__INSTRUCTIONS FOR THE TASK__. Using the records below, quote only the span that opens with the line containing "(四)仔细阅读并勾选遵守本考次疫情防控考生须知。" and closes with the line containing "- Zakonska otočna", exactly and inclusively.

__DATA TO USE__.
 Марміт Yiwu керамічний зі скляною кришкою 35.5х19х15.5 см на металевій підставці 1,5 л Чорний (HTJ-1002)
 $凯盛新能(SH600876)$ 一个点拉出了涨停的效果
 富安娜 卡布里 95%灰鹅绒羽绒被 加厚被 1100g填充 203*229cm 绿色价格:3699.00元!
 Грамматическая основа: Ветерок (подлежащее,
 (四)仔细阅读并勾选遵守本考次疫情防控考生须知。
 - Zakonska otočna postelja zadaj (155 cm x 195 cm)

==

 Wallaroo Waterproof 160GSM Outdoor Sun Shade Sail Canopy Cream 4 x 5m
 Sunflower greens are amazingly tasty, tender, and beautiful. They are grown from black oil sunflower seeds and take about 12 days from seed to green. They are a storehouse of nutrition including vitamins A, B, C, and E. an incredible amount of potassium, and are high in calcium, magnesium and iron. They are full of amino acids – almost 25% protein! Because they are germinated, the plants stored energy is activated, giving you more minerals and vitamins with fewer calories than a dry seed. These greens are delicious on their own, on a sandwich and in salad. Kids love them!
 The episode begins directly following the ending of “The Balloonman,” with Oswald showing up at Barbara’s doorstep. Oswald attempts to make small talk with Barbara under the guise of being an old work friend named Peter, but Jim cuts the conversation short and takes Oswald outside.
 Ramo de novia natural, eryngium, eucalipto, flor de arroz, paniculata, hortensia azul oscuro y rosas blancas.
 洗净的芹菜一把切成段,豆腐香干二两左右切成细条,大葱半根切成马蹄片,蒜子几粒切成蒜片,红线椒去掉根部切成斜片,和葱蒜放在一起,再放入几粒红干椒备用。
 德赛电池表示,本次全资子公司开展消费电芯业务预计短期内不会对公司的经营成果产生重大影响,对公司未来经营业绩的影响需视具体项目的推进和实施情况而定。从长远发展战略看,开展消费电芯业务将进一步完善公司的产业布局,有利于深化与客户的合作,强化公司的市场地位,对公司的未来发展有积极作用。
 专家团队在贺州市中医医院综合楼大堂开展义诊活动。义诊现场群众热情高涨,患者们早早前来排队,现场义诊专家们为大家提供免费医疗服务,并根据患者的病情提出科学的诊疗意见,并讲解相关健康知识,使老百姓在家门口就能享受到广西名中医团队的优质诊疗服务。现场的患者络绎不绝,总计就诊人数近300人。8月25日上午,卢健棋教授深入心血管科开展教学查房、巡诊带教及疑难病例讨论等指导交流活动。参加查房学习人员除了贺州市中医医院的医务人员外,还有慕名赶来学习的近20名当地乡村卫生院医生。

__EXERCISE ANSWER__.
 (四)仔细阅读并勾选遵守本考次疫情防控考生须知。
 - Zakonska otočna postelja zadaj (155 cm x 195 cm)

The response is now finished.